ExxonMobil’s public response was to protest against regulatory frameworks, financial incentives and “protectionist policies,” which it said were holding industry back. It also called on the US to end its ban on exports of crude oil and LNG.
This was a position the firm shared with the EU, and which informed debate at the meeting whose minutes the commission redacted because they “reveal possible strategies that the commission may adopt in the ongoing negotiations,” according to documents previously released to the Guardian.
But commission officials deny offering ExxonMobil any advantages and, while declining comment on the discussions, insist that trade reform is needed.
“EU and US companies face discrimination when they need access to resources,” a commission spokesman told the Guardian. “Once they have produced the energy goods, they do not get access to the grid, or access at less favourable conditions. Energy resource countries supply energy resources at below market prices to their domestic industry. The EU and US industry is put at a disadvantage.”

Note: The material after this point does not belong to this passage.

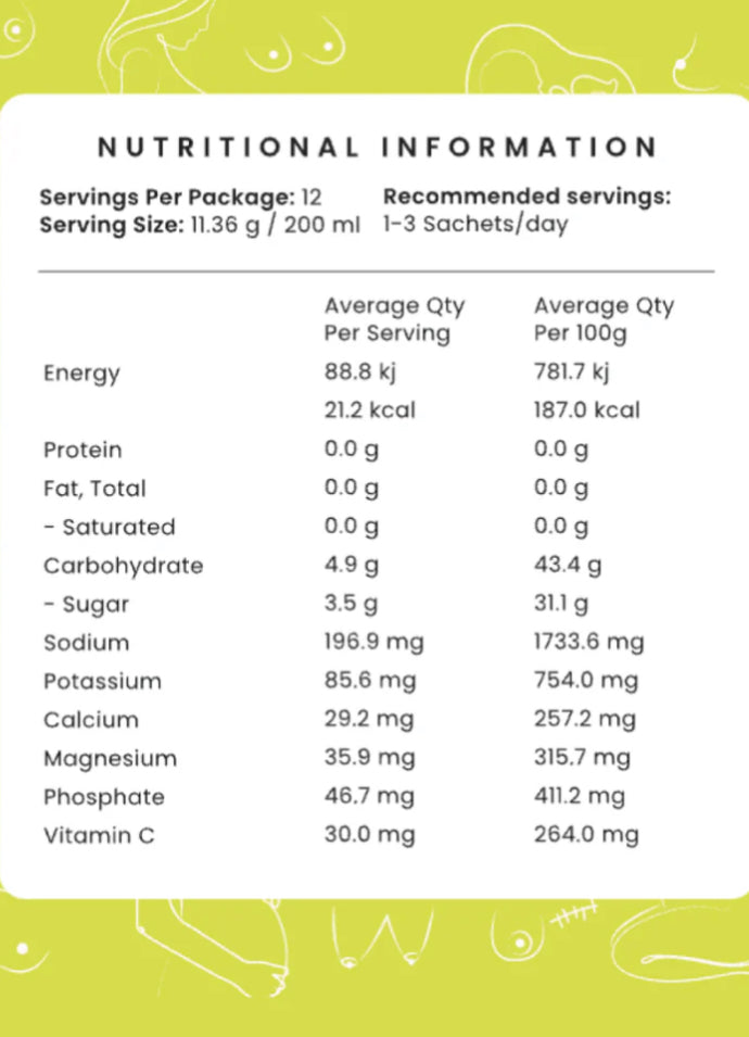 In one easy-to-use sachet, we’ve packed all the ingredients you need to have the optimal hydrations level during pregnancy and postpartum based on recommended daily in-takes and Australian Guidelines.

Steve Kretzmann, the director of the campaign group Oil Change International, described the commission’s behaviour as a “scandalous” attempt to liberalise the global crude market that went beyond shale gas and shale oil.
“I see it as standard setting because it would allow the EU to place greater diplomatic and political pressure on those [developing] countries to lower all their trade barriers,” he said. “If the US is not doing this protective policy anymore you shouldn’t either.”
ExxonMobil would not respond directly to questions about the meeting. But Nikolaas Baeckelmans, the company’s vice-president of EU affairs, said: “ExxonMobil supports an open, unbiased, and rules-based trade and investment system. We see that as essential to global free enterprise and to promoting alignment of business interests, productivity, and economic growth.”